Dalam catatan ReforMiner Institute, gas bumi ialah sumber energi yang dapat menjadi pilihan utama dalam pelaksanaan transisi energi. Dari simulasi ReforMiner, jika Indonesia mengonversi sekitar 50 persen konsumsi minyak dengan gas bumi, sudah menurunkan emisi sekitar 36,16 juta ton CO2 ekuivalen. Apabila 50 persen konsumsi batubara dikonversi gas bumi, terjadi penurunan emisi 123,35 juta ton CO2 ekuivalen.
Direktur Eksekutif ReforMiner Komaidi Notonegoro menuturkan, gas bumi yang memadai bisa didorong untuk mengembangkan industri petrokimia. ”Sebab, pasarnya besar. Apabila dikembangkan, akan ada nilai tambah ekonomi yang cukup besar, apalagi semua yang berkaitan dengan kehidupan kita butuh petrokimia, mulai dari obat-obatan hingga rumah tangga,” ujarnya.

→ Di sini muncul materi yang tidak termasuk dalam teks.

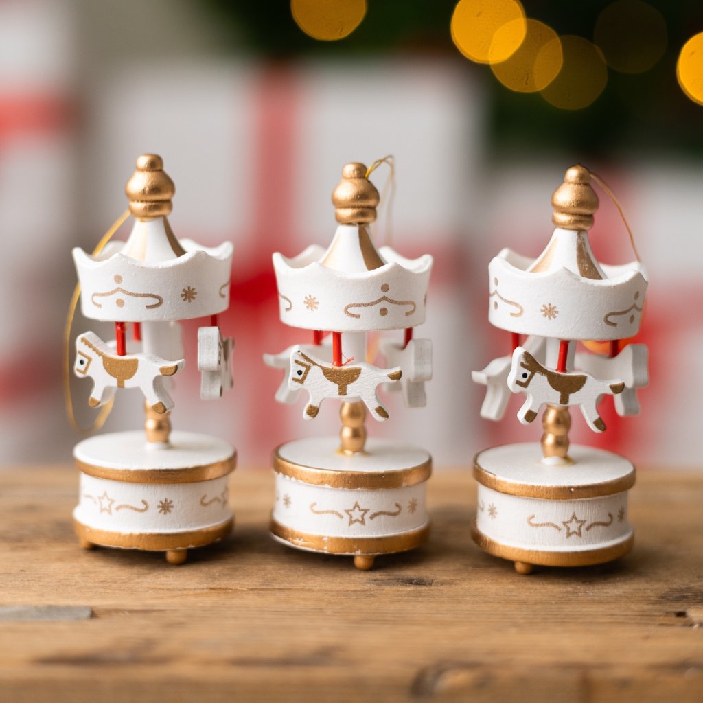 Ozdoba drevený kolotoč BIELY 8cm 3ks

Sementara itu, Direktur Jenderal Minyak dan Gas Bumi Tutuka Ariadji mengemukakan, penataan subsidi elpiji 3 kilogram (kg) akan dimulai dengan pendataan. Apabila nantinya kriteria sudah sesuai, baru akan dilakukan pembatasan penerima subsidi tersebut agar lebih tepat sasaran. Di sisi lain, pemanfaatan gas bumi, seperti jargas, terus dioptimalkan.